The core objective of the MMBC PPP program is an environmental one – to maximize the recovery of PPP and maximize the recycling of what is recovered into new products and packaging.

Instinctively, one might think that including all printed paper and packaging in the collection system is a reasonable approach to maximizing recycling.

However, including all PPP materials in the collection system could have some serious unintended effects on the desired environmental outcome.

MMBC has proposed an initial list of materials to be collected across BC that comprises about 97% by weight of all the PPP supplied by stewards to BC residents.

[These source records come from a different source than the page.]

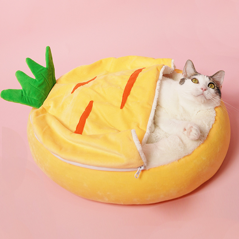 Kandang kucing semi-tertutup, kantong tidur sarang kucing hangat musim dingin yang dapat dilepas dan dicuci tidur dalam wortel grosir
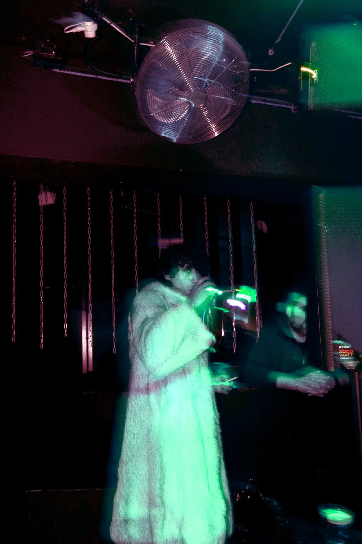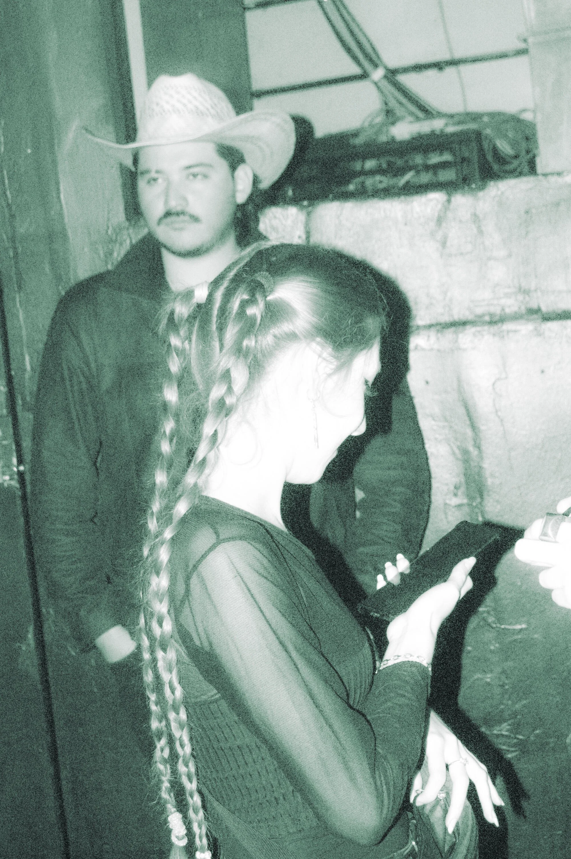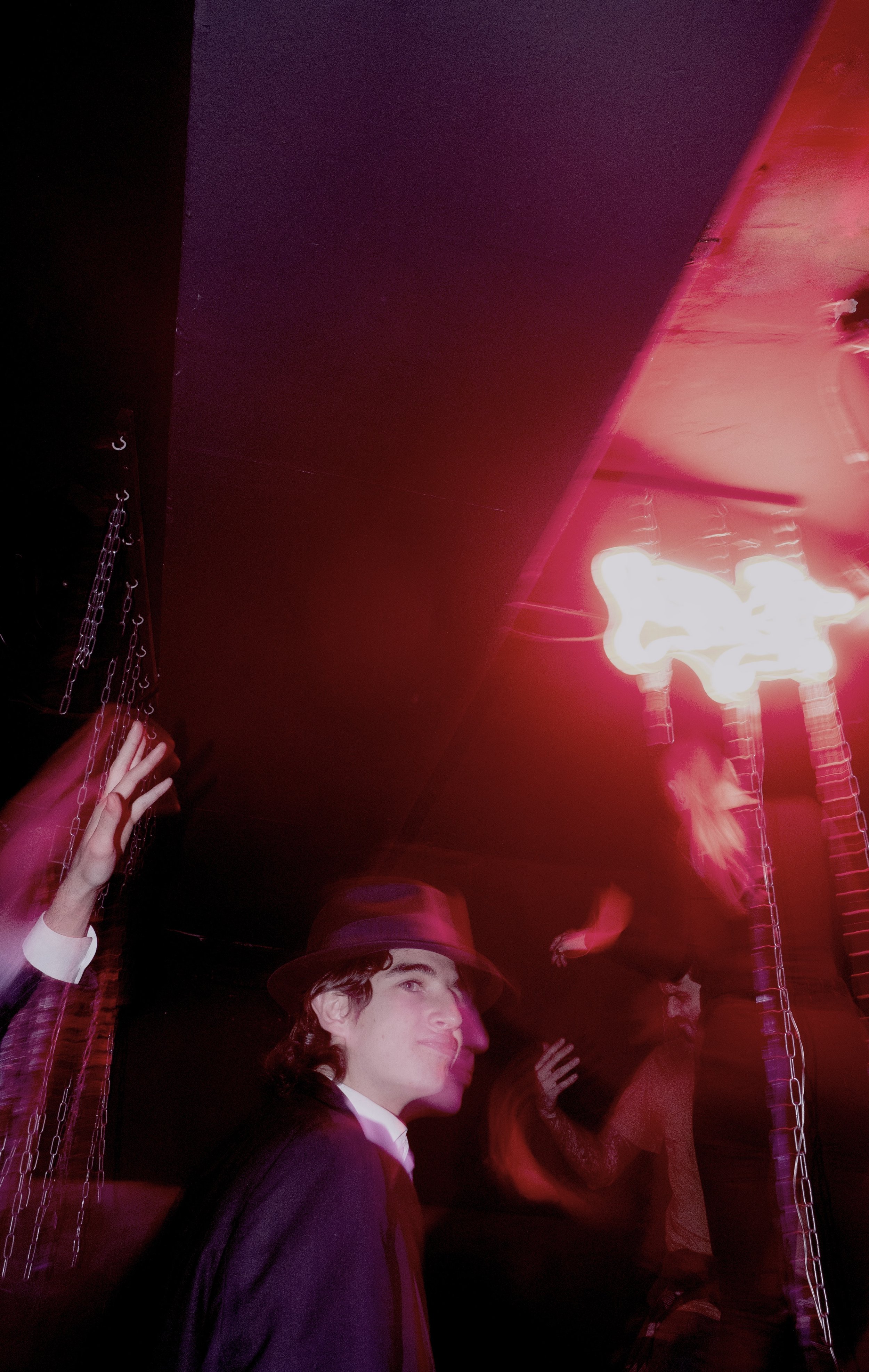 Due giovani uomini in un ambiente scuro, uno con cappello, che ascoltano musica o partecipano a un evento. Illuminazione soffusa con catene sospese visibili davanti.
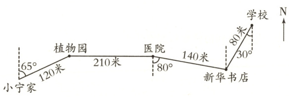 (1)小宁上学时,从家出发,先向( )偏( )( )°方向走( )米到达植物园,再向( )走( )米到达医院,又向( )偏( )( )°方向走( )米到达新华书店,最后向( )偏( )( )°方向走( )米到达学校。
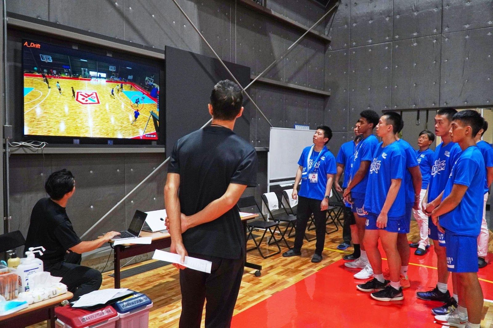 廣島蜻蜓隊教練團在訓練空檔利用即時影像,快速講解新星隊們在跑位細節需注意的地方。圖/籃球筆記
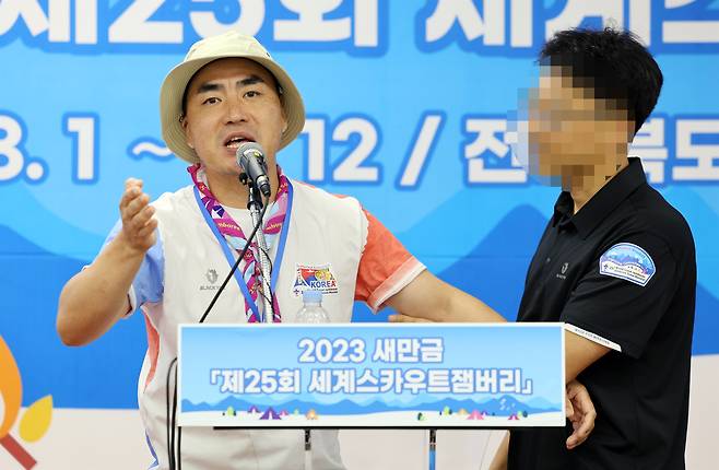 | ▲ 6일 2023 세계스카우트잼버리 프레스센터에서 한국스카우트연맹 전북연맹 지도자가 기자회견을 열고 있다. 이 지도자들은 영내에서 성범죄가 발생해 퇴소하겠다고 밝혔다. |

This proposed list includes printed paper (newspapers and inserts, magazines, catalogues, telephone directories, other printed paper), paper packaging (corrugated cardboard, boxboard, kraft paper bags, molded pulp containers, polycoat cartons and cups, aseptic containers), most plastic packaging numbers 1 through 7, aluminum cans and foil, steel cans, spiral-wound cans and glass jars.

The proposed list does not include biodegradable plastic packaging, plastic laminates or paper/plastic laminates which in total comprise ~3% by weight of PPP supplied by stewards to BC residents.

Why are these materials proposed to be excluded from the initial collection list?

If the ~3% of currently non-recyclable packaging materials were to be included, these materials would be sent to disposal post-processing and their presence in the collection stream would also cross-contaminate the recyclable component of the collection stream resulting in an increased portion of that material also requiring post-processing disposal (i.e. as fuel or in landfill).  Simply stated, including the materials not currently recyclable will result in an overall lower recycling rate than if those materials are excluded from the initial collection list.

It is important to note that while not included in the collection system, the materials supplied to BC residents that are currently not recyclable will bear a cost in the PPP Stewardship Plan.  Stewards that supply types of PPP that are currently not recyclable and will not be included in the PPP Stewardship Plan collection system when the program launches in May 2014 will pay fees to cover research and development (R&D) to resolve technical and market capacity barriers so that the PPP that is currently not recyclable can be included in the collection system over time.

It is MMBC’s aspiration to eventually have all PPP supplied into BC households effectively collected and recycled.

In addition to setting the initial list of materials to be collected to deliver the best environmental outcome, it is equally important to optimize how materials are collected.  As an example, plastic film (such as shopping bags and paper towel overwrap) can either be collected curbside or returned to depots.

While curbside collection of plastic film likely yields a higher collection rate, the commingling of film with other recyclable materials results in contamination of those materials during collection and only a portion of the film collected is effectively separated and recycled. The net outcome may be a higher curbside collection rate but a lower actual recycling rate for plastic film.

Conversely, collecting plastic film in depots may initially yield a lower collection rate but those collections will result in a separate, clean stream of plastic film that is eminently recyclable with minimal loss during processing. The overall outcome may be a lower collection rate but a higher overall plastic film recycling rate while avoiding contamination of other materials with plastic film. Over time, with resident awareness and education, it is expected that the depot collection rate for film will increase.

Taking a reasoned, step-wise approach to maximizing environmental outcomes may appear counter-intuitive but, in this case, is the basis for a collection system design that allows the processing system to maximize the recycling rate for both plastic film as well as the PPP collected curbside.